# Exercise
Transcribe, starting at the line with "La diputada de" and ending at the line with "after 1945. (12)", every line of the material below exactly, but leave out the pictures and anything outside that span.

# Records for this task
━━━━━━━━━━

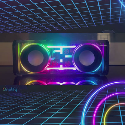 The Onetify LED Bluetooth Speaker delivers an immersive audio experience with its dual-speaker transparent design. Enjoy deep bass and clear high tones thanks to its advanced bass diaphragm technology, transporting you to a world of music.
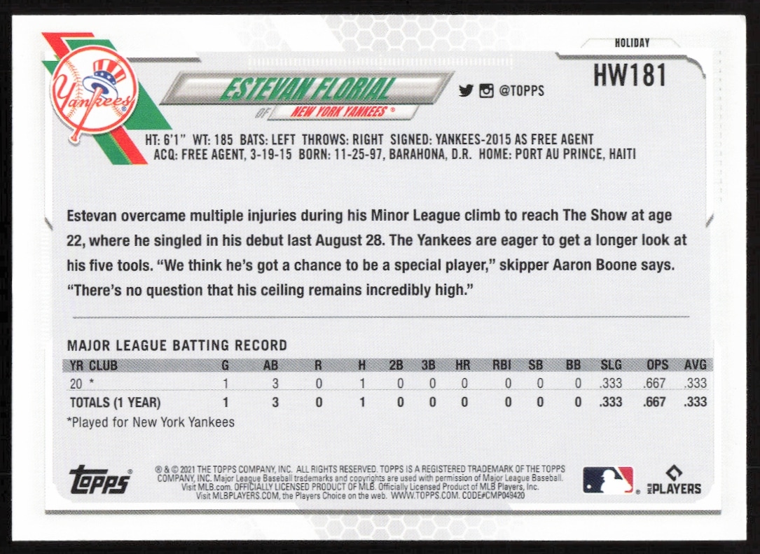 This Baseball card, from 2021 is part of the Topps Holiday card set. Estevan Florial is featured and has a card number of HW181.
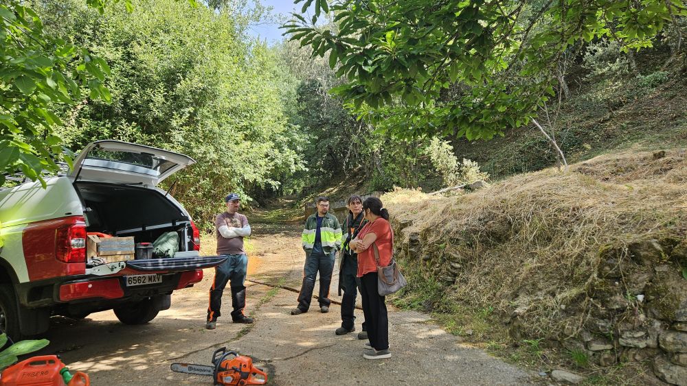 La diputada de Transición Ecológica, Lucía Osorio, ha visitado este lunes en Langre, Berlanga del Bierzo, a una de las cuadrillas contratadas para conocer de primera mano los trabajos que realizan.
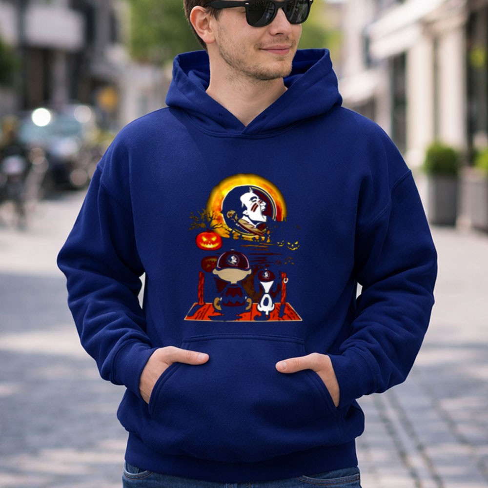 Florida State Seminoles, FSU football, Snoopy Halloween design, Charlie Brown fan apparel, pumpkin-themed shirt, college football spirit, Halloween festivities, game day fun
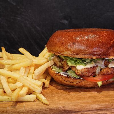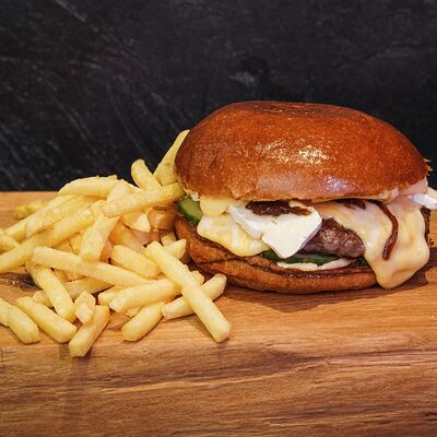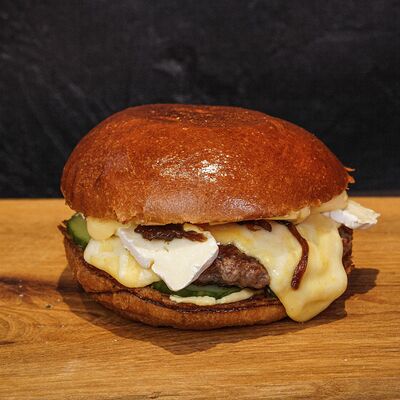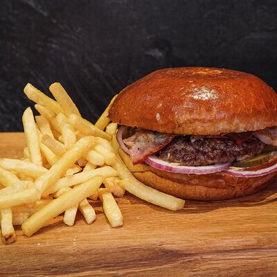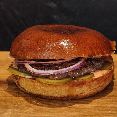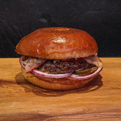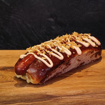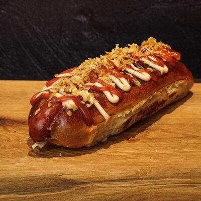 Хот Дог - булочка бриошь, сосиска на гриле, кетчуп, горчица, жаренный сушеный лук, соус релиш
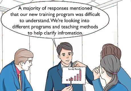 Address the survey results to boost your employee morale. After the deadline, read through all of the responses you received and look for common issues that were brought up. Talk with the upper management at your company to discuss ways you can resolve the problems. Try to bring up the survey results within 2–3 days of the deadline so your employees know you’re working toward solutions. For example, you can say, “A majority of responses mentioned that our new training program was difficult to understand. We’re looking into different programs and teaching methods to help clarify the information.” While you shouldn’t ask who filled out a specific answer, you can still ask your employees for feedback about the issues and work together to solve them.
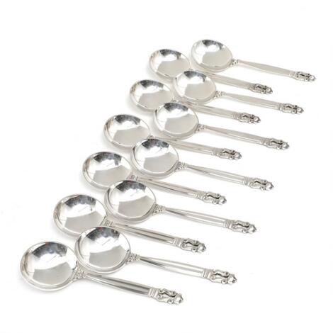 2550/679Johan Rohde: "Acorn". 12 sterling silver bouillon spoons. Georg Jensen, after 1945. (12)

━━━━━━━━━━

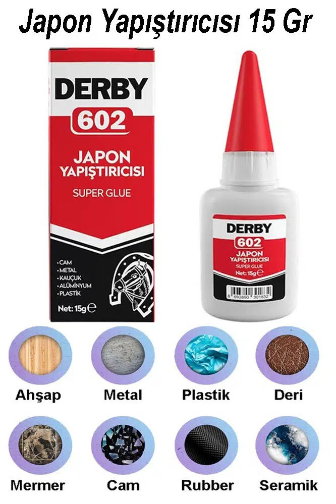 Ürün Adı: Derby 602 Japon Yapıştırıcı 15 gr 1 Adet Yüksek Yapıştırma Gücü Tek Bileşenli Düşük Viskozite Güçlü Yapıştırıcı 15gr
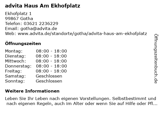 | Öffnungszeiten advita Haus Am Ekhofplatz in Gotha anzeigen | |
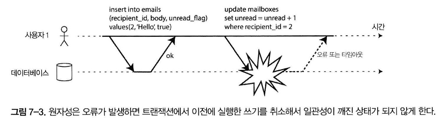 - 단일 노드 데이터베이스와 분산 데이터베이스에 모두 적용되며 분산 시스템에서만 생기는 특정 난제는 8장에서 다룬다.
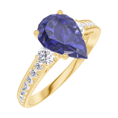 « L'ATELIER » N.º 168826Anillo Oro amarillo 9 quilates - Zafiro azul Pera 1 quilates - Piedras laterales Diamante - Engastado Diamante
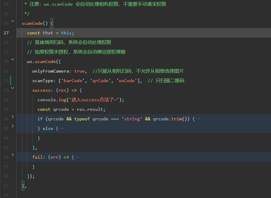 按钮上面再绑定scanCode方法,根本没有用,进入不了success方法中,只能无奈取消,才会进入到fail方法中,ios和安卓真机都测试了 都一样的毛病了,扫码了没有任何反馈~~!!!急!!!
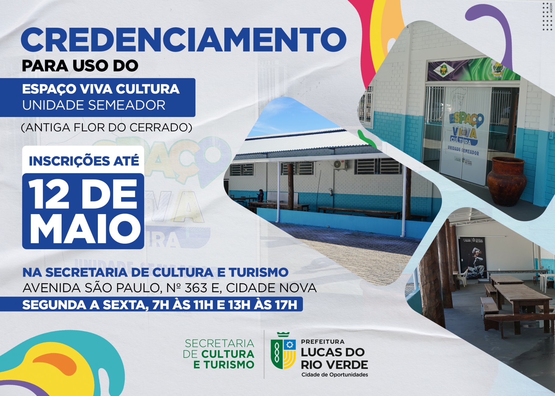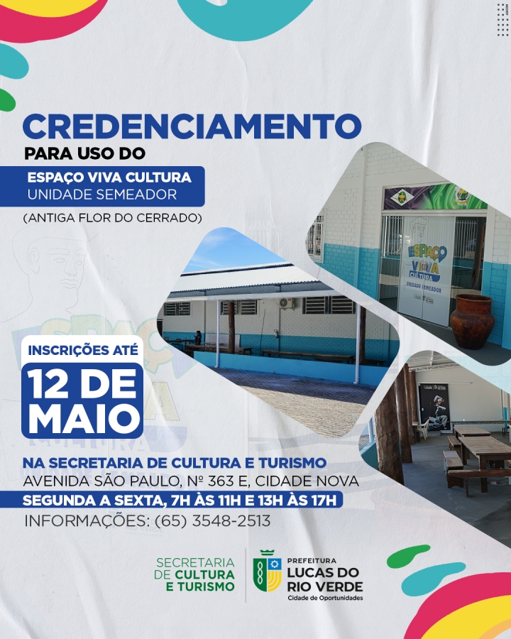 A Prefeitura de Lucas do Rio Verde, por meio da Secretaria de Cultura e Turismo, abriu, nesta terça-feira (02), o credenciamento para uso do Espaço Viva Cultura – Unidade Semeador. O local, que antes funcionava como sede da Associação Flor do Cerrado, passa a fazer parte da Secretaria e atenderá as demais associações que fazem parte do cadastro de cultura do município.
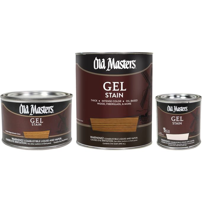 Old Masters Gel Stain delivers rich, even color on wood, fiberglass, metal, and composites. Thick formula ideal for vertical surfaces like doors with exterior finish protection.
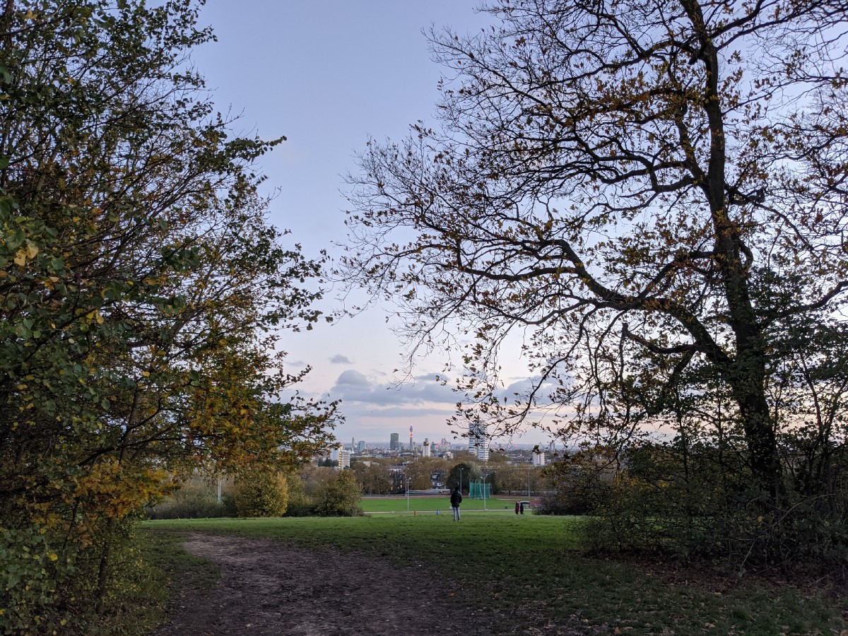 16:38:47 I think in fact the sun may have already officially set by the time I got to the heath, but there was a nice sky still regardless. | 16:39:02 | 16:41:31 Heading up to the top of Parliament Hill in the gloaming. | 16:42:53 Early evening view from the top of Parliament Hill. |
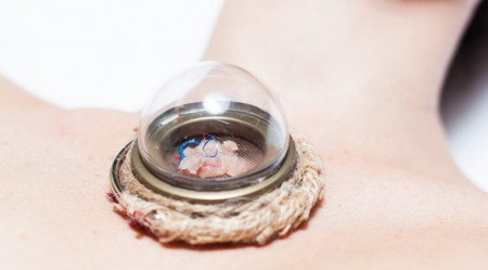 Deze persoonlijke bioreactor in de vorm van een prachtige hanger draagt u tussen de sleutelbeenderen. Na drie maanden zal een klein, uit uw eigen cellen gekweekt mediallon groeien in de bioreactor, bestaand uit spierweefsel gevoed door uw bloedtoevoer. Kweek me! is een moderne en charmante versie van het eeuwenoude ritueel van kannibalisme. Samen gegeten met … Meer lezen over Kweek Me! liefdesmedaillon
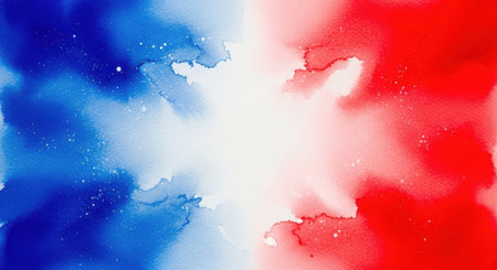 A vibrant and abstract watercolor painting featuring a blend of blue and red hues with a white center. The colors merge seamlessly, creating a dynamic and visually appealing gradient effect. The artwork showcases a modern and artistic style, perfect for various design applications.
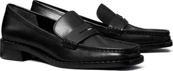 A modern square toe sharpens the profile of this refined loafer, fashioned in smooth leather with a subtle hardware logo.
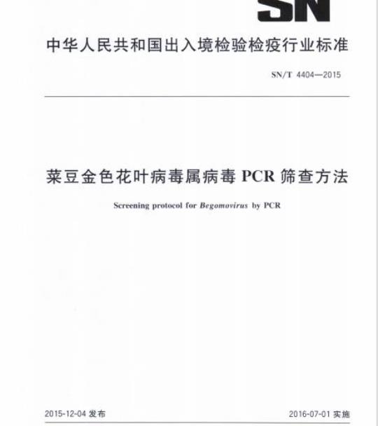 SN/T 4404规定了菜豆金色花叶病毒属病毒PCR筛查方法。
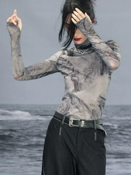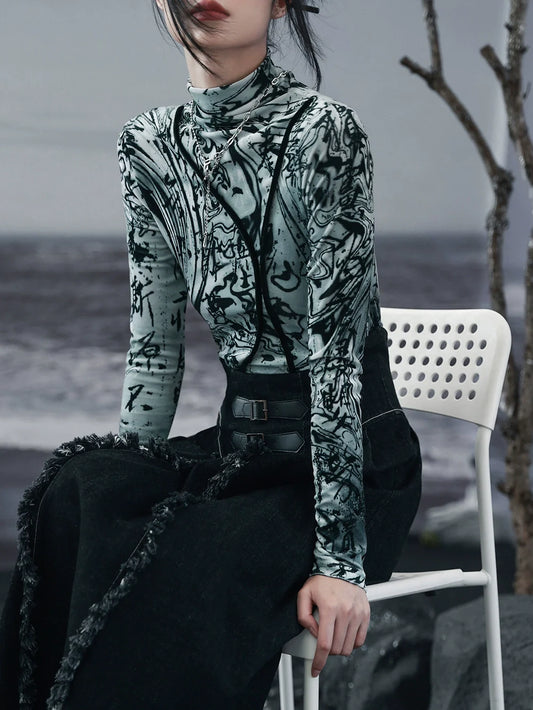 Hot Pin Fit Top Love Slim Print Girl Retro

━━━━━━━━━━

# Reply
 La diputada de Transición Ecológica, Lucía Osorio, ha visitado este lunes en Langre, Berlanga del Bierzo, a una de las cuadrillas contratadas para conocer de primera mano los trabajos que realizan.
 Florida State Seminoles, FSU football, Snoopy Halloween design, Charlie Brown fan apparel, pumpkin-themed shirt, college football spirit, Halloween festivities, game day fun
 Хот Дог - булочка бриошь, сосиска на гриле, кетчуп, горчица, жаренный сушеный лук, соус релиш
 Address the survey results to boost your employee morale. After the deadline, read through all of the responses you received and look for common issues that were brought up. Talk with the upper management at your company to discuss ways you can resolve the problems. Try to bring up the survey results within 2–3 days of the deadline so your employees know you’re working toward solutions. For example, you can say, “A majority of responses mentioned that our new training program was difficult to understand. We’re looking into different programs and teaching methods to help clarify the information.” While you shouldn’t ask who filled out a specific answer, you can still ask your employees for feedback about the issues and work together to solve them.
 2550/679Johan Rohde: "Acorn". 12 sterling silver bouillon spoons. Georg Jensen, after 1945. (12)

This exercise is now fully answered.